• Brief
Starting at the line that contains "Glow in The" and stopping at the line that contains "市,谁知道就遇上下雨,去了大", transcribe every line of the material below exactly; pictures stay out.

• Data extracts
▼

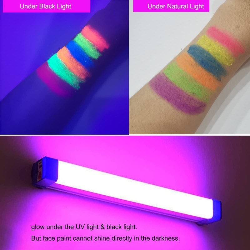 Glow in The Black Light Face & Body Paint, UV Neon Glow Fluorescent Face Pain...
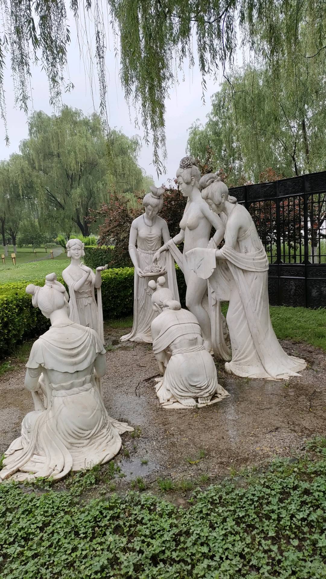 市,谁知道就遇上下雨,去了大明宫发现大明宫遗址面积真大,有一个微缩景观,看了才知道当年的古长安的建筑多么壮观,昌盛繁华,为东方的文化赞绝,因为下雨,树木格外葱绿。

▲
▼

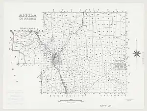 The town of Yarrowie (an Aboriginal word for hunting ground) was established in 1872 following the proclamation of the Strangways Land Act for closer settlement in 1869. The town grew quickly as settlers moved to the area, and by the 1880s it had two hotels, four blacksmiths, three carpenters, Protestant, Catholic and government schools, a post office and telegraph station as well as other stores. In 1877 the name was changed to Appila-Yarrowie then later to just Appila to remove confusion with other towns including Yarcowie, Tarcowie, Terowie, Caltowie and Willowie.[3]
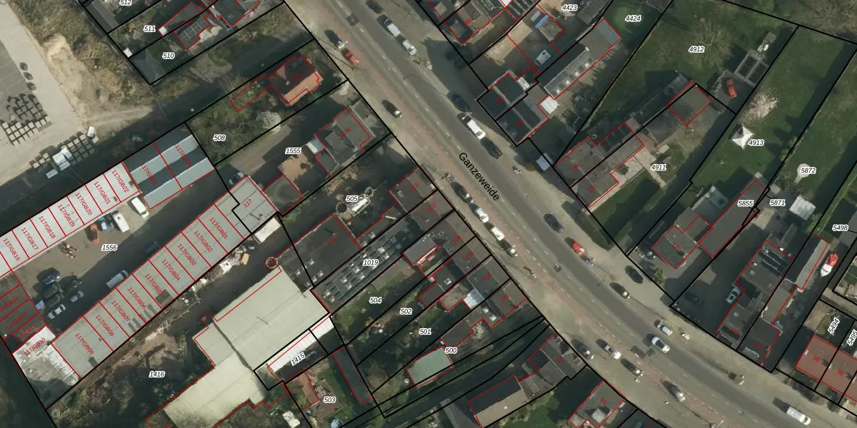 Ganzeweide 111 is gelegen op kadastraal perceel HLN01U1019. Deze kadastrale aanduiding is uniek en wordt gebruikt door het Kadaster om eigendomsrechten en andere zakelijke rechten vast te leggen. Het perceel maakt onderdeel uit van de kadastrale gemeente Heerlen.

▲
▼

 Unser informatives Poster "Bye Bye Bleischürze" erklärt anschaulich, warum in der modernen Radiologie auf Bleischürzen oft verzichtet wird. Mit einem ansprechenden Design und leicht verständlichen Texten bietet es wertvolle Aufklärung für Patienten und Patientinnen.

▲

• Completed task
 Glow in The Black Light Face & Body Paint, UV Neon Glow Fluorescent Face Pain...
 市,谁知道就遇上下雨,去了大明宫发现大明宫遗址面积真大,有一个微缩景观,看了才知道当年的古长安的建筑多么壮观,昌盛繁华,为东方的文化赞绝,因为下雨,树木格外葱绿。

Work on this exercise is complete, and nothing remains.